The figures relating to the number of nurses have been updated, at Te Whatu Ora's request on 9 December 2024.
The Health Commissioner's claim during Parliament's scrutiny week that "overspending" is to blame for Te Whatu Ora's financial crisis has outraged health workers and their unions.
Health NZ reported a $722 million deficit for the 2023-24 year on Tuesday, and forecast a $1.1 billion loss in the current financial year.
During a marathon six-hour hearing of Parliament's health select committee on Wednesday, Professor Lester Levy told MPs that Health New Zealand had hired more staff than it needed, but "productivity" had fallen.
"Our system has got elasticity for performance improvement within the resources we already have, and we should be making sure we achieve that before we look for additional money," he said.
"Because the reality is additional money has been provided, and the service hasn't improved."
Cost-cutting adding to costs - union
However, union leader Dr Deborah Powell - who represents resident doctors and allied, technical and scientific health workers - said indiscriminate cost-cutting and redundancies were pushing Health New Zealand further into the red.
"And that's because the process itself is generating more cost. It's putting us all through a great deal of stress and it's not solving the problem.
"In my personal opinion, he's got it wrong. We are under-funded and what is going on at the moment is making the situation worse."
Many redundancies were not "redundancies" in the real sense, because the work still had to be done, she said.
"For instance, we've had a clinician, who was in a management role for one day a week and four days in clinical practice, take voluntary redundancy.
"So we've lost those four days' of clinical practice - in a shortage speciality - and they are having to bring in a locum.
"We've paid redundancy to someone and then replaced them with someone on a higher hourly rate."

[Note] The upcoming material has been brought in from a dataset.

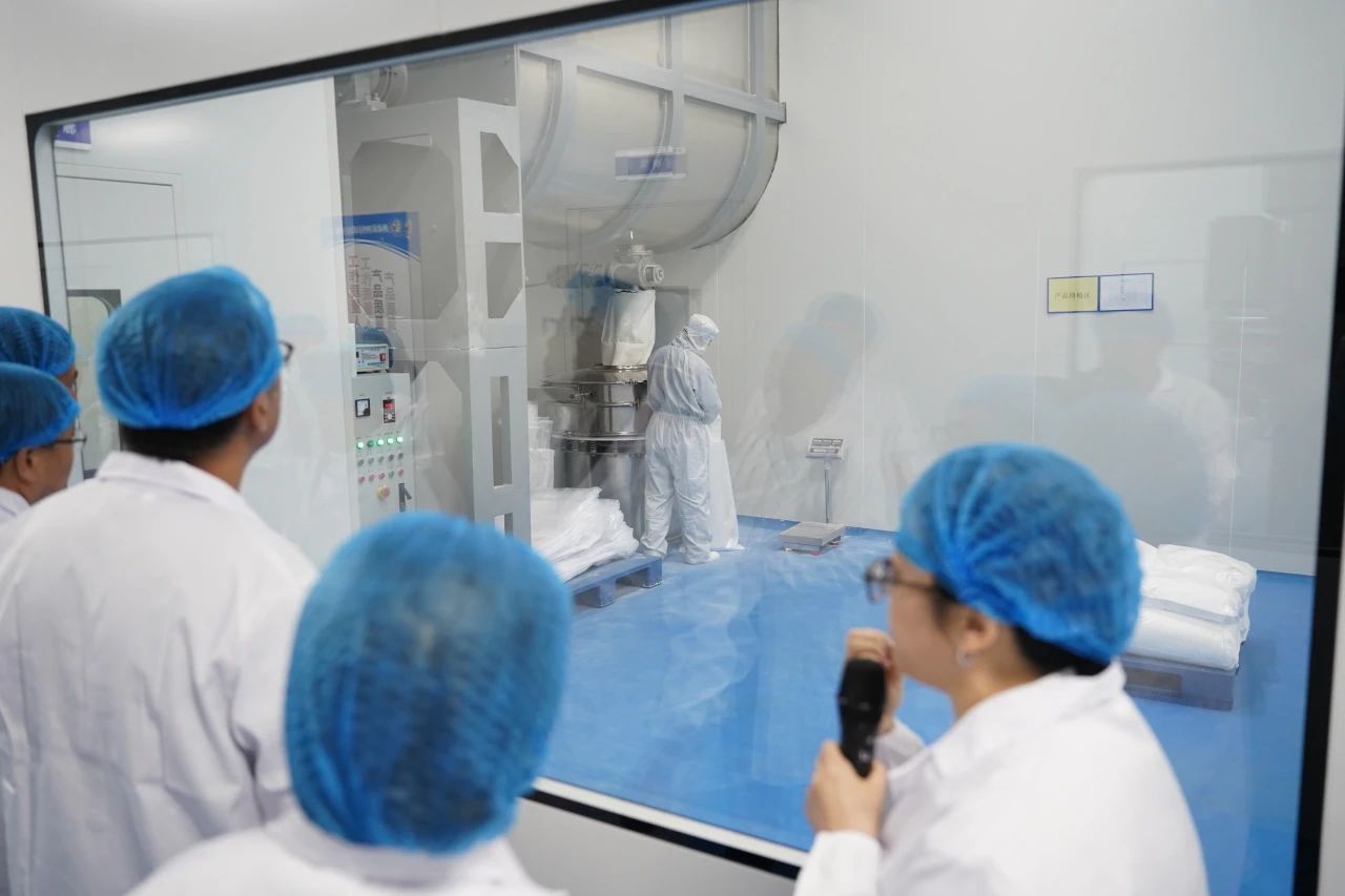 嘉賓們首先來到鎂神科技食品氧化鎂二期車間,這是此次項(xiàng)目的核心區(qū)域。車間內(nèi)的全自動(dòng)四列雙層電加熱輥道窯生產(chǎn)線,是國(guó)內(nèi)首條結(jié)合動(dòng)靜生產(chǎn)的高效生產(chǎn)線,具備精準(zhǔn)的溫控系統(tǒng),溫度誤差控制在±2℃以內(nèi),有效保證了產(chǎn)品的高穩(wěn)定性和潔凈度。現(xiàn)場(chǎng)技術(shù)人員向嘉賓詳細(xì)介紹了生產(chǎn)線的先進(jìn)工藝和操作流程,展示了鎂神科技在食品級(jí)氧化鎂生產(chǎn)領(lǐng)域的技術(shù)創(chuàng)新與領(lǐng)先優(yōu)勢(shì)。接下來進(jìn)入潔凈區(qū)后,嘉賓們進(jìn)一步感受到鎂神科技在產(chǎn)品品質(zhì)保障方面的嚴(yán)謹(jǐn)態(tài)度。食品二期項(xiàng)目中面積達(dá)5000平方米的十萬級(jí)潔凈區(qū)達(dá)到了國(guó)際食品安全標(biāo)準(zhǔn),嚴(yán)格控制生產(chǎn)環(huán)境中的微生物和異物,確保產(chǎn)品的純凈度。通過高標(biāo)準(zhǔn)的生產(chǎn)環(huán)境,鎂神科技不僅滿足了國(guó)內(nèi)外客戶對(duì)食品安全的嚴(yán)格要求,還為開拓全球市場(chǎng)提供了堅(jiān)實(shí)的質(zhì)量保障。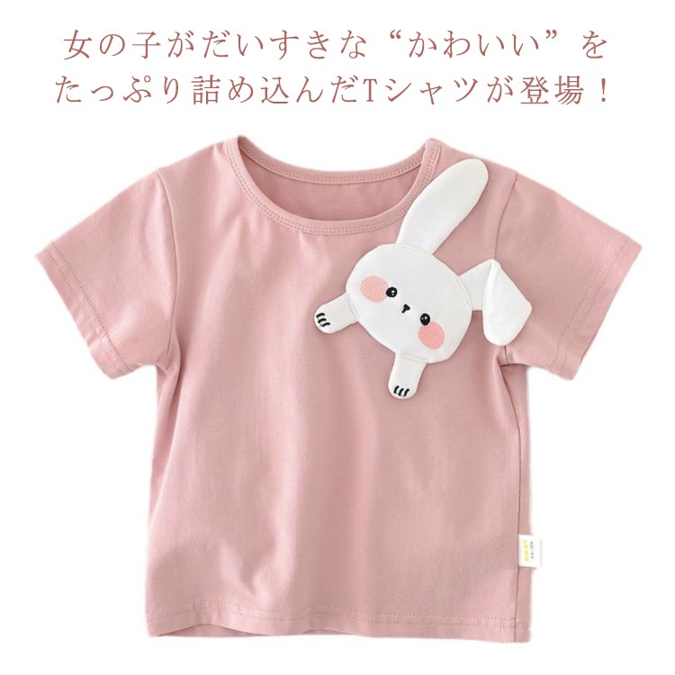 Tシャツ キッズ ベビー 女の子 半袖 夏服 ウサギ柄 ピンク 薄手 子供 子供服 キッズ服 ガールズ 夏 夏物 コットン 保育園 かわいい おしゃれ カジュアル 80cm 90cm 100 73cm

The "hiring freeze", cuts to capital expenditure and voluntary redundancies had not made a dent in the deficit - but were making the system less efficient and loading pressure on remaining staff, she continued.
"Because we are so short-staffed - and getting more so with the cost-cutting - annual leave is mounting. So that's a large liability on the books that's eventually going to have to be paid out or given to people one way or another."
Northland emergency doctor Gary Payinda, who was speaking in his "personal capacity", said it was infuriating for health workers to be told that the problem was overspending.
"If you make a budget that can't provide for doctors in hospitals and can't provide for nurses at safe staffing levels, then your budget wasn't a legitimate budget. It was an imaginary budget."
The $2.1 billion dollars in tax-cuts being given to landlords over the next four years could have solved many problems in health, he said.
Health NZ responds
In a statement to RNZ Sunday, Health New Zealand Te Whatu Ora Chief Executive Margie Apa said the claims that job cuts were costing more were incorrect.
"Claims that Health NZ is underfunded, and our reset is causing a greater budget deficit, are incorrect," she said.
"Health NZ received more government funding in the most recent Budget than ever before.
"We have made some good progress towards living within our means, but we are still overspending.
"Over the past year we have recruited more clinical staff than ever before. We now have 4,107 more frontline staff than we did a year ago, which is about as many new FTEs in the two previous years combined.
"The number of nurses employed by Health NZ has also grown steadily over recent years, with a total now to around 30,000 FTEs (with a total headcount of 35,000)," Apa said.